Pada sudut filtrasi terdapat garis Schwalbe yang merupakan akhir perifer endotel dan
membrane desement, kanal Schlemm yang menampung cairan mata kesalurannya.
Sudut filtrasi berbatas dengan akar iris berhubungan dengan sclera kornea dan disini
ditemukan scleral spur yang membuat cincin melingkar 360 derajat dan merupakan batas
belakang sudut filtrasi serta tempat insersi otot siliar longitudinal. Trabekular meshwork
mengisi kelengkungan sudut filtrasi yang mempunyai dua komponen yaitu badan siliar dan
uvea.
Tekanan intraocular ditentukan oleh kecepatan terbentuknya cairan (aqueous humor)
bola mata oleh adan siliar dan hambatan yang terjadi pada trabecular meshwork. Aqueous
humor yang dihasilkan badan siliar masuk ke bilik mata belakang, kemudian melalui pupil
menuju bilik mata depan dan terus ke bilik mata depan, tepatnya ke trabecular meshwork,
mencapai kanal Schlemm dan melalui saluran ini keluar dari bola mata. Pada glaukoma kronik
sudut terbuka, hambatannya terletak pada trabecular meshwork maka akan terjadi penimbunan
cairan bilik mata di dalam bola mata sehingga tekanan bola mata meninggi.

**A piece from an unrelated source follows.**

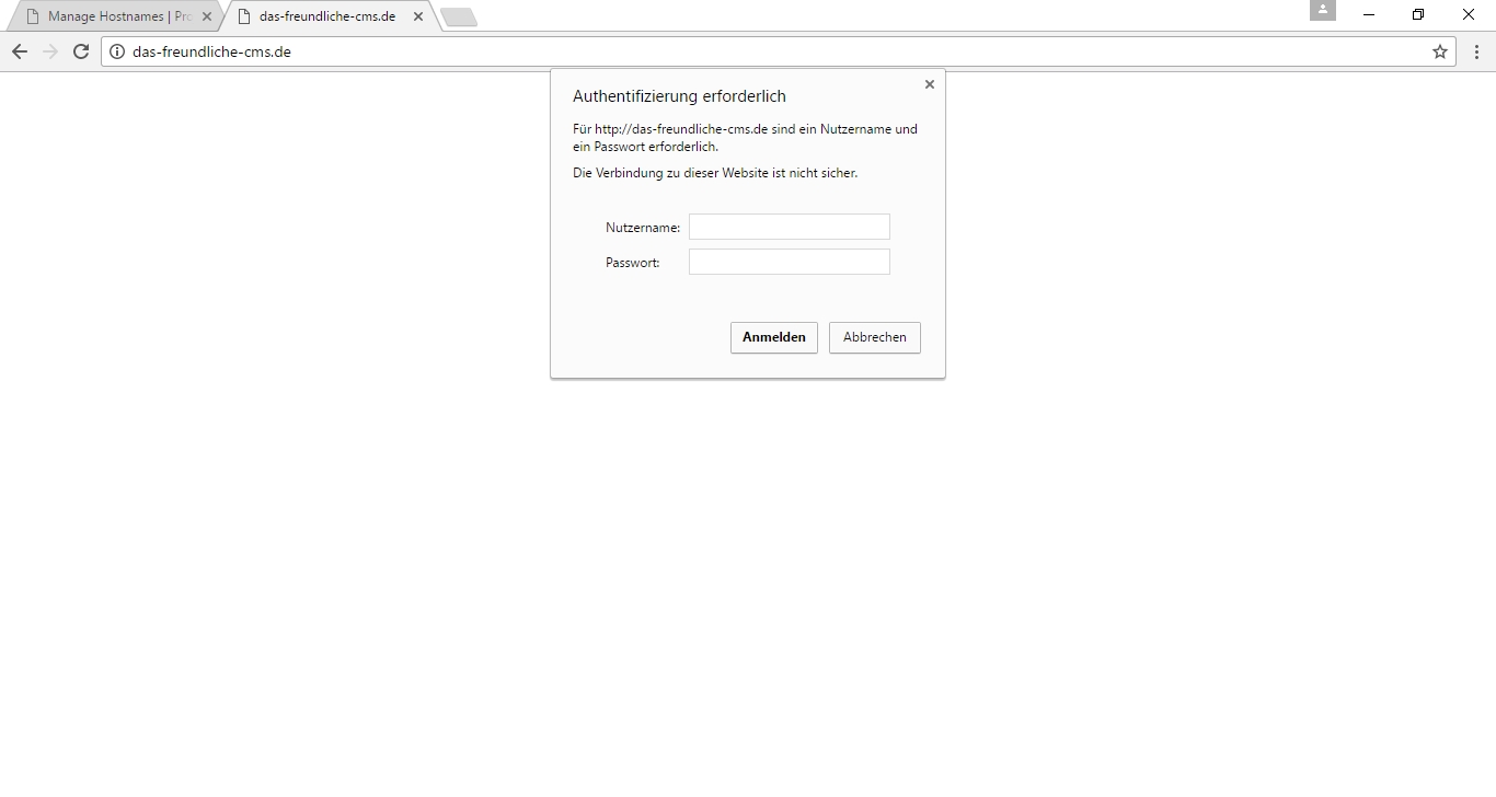 Nachdem die DNS-Änderungen durchgeführt wurden, können wir unsere Website also über unsere eigene Domain aufrufen – allerdings noch nicht öffentlich zugänglich, sondern aufgrund des Trial-Status durch Benutzername und Passwort geschützt:
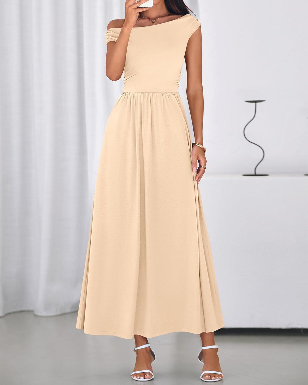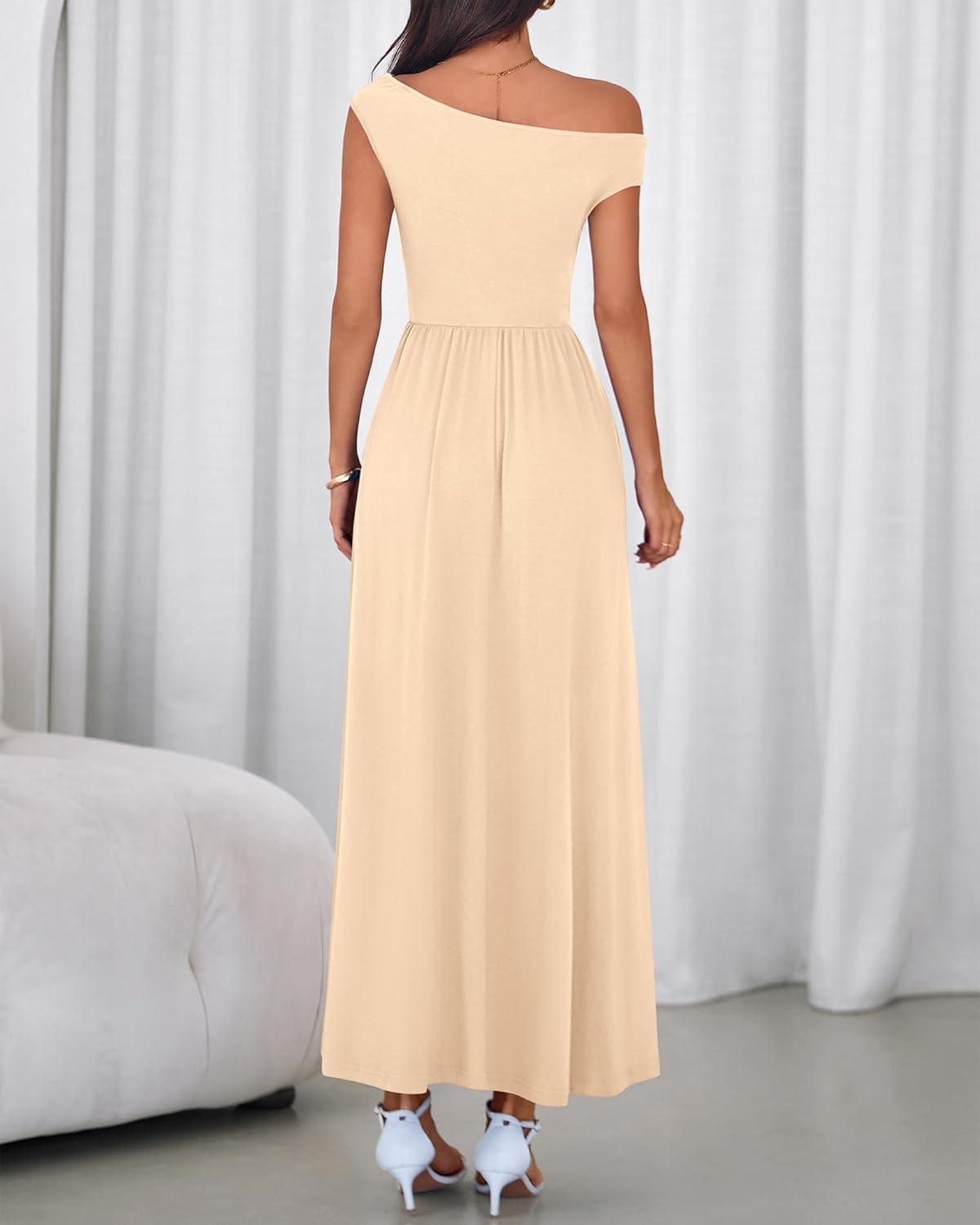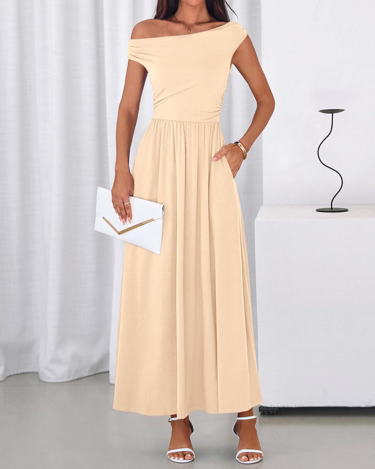 BTFBM One Shoulder Dresses for Women Spring 2026 Sleeveless Casual Flowy Pleated Cocktail Party Maxi Sundress Pockets(Beige)

Pada glaukoma
akut hambatan terjadi karena iris perifer menutup sudut bilik depan, hingga jaringan
trabekulum tidak dapat dicapai oleh sarkus.

6 Klasifikasi
Klasifikasi berdasarkan etiologinya:
a. Glaukoma Primer 1. Glaukoma sudut terbuka
2. Glaukoma sudut tertutup
b. Glaukoma Sekunder 3. Glaukoma pigmentasi
4. Sindrom eksfoliasi
5. Akibat kelainan lensa (fakogenik)
6. Akibat kelainan traktus uvea
7. Sindrom iridokorneoendotelial (ICE)
8. Trauma
9. Pascaoperasi
10. Glaukoma neovascular
11. Peningkatan tekanan episklera
12. Akibat steroid
c. Glaukoma Kongenital 1. Glaukoma kongenital primer
2. Glaukoma yang berkaitan dengan
kelainan perkembangan mata lain
3. Glaukoma yang berkaitan dengan
kelainan perkembangan ekstraokular
d. Glaukoma Absolut Stadium akhir dari glaukoma apabila
tidak terkontrol

a. Glaukoma Primer
Glaukoma dengan etiologi tidak pasti, dimana tidak didapatkan kelainan yang
merupakan penyebab glaukoma. Glaukoma ini didapatkan pada orang yang telah
memiliki bakat bawaan glaukoma, seperti :
 Gangguan fasilitas pengeluaran cairan mata atau susunan anatomis bilik mata
menyempit
 Kelainan pertumbuhan pada sudut bilik mata depan (goniodisgenesis), berupa
trubekulodisgenesis, iridodisgenesis dan korneodisgenesis dan yang paling sering
beripa trabekulodigenesis dan goniodisgenesis.
Glaukoma primer bersifat bilateral yang tidak selsalu simetris dengan sudut
bilik mata tertutup ataupun terbuka, pengelompokkan ini berguna untuk
penatalaksanaan dan peneitian.
1. Glaukoma Sudut Terbuka (Glaukoma Kronis)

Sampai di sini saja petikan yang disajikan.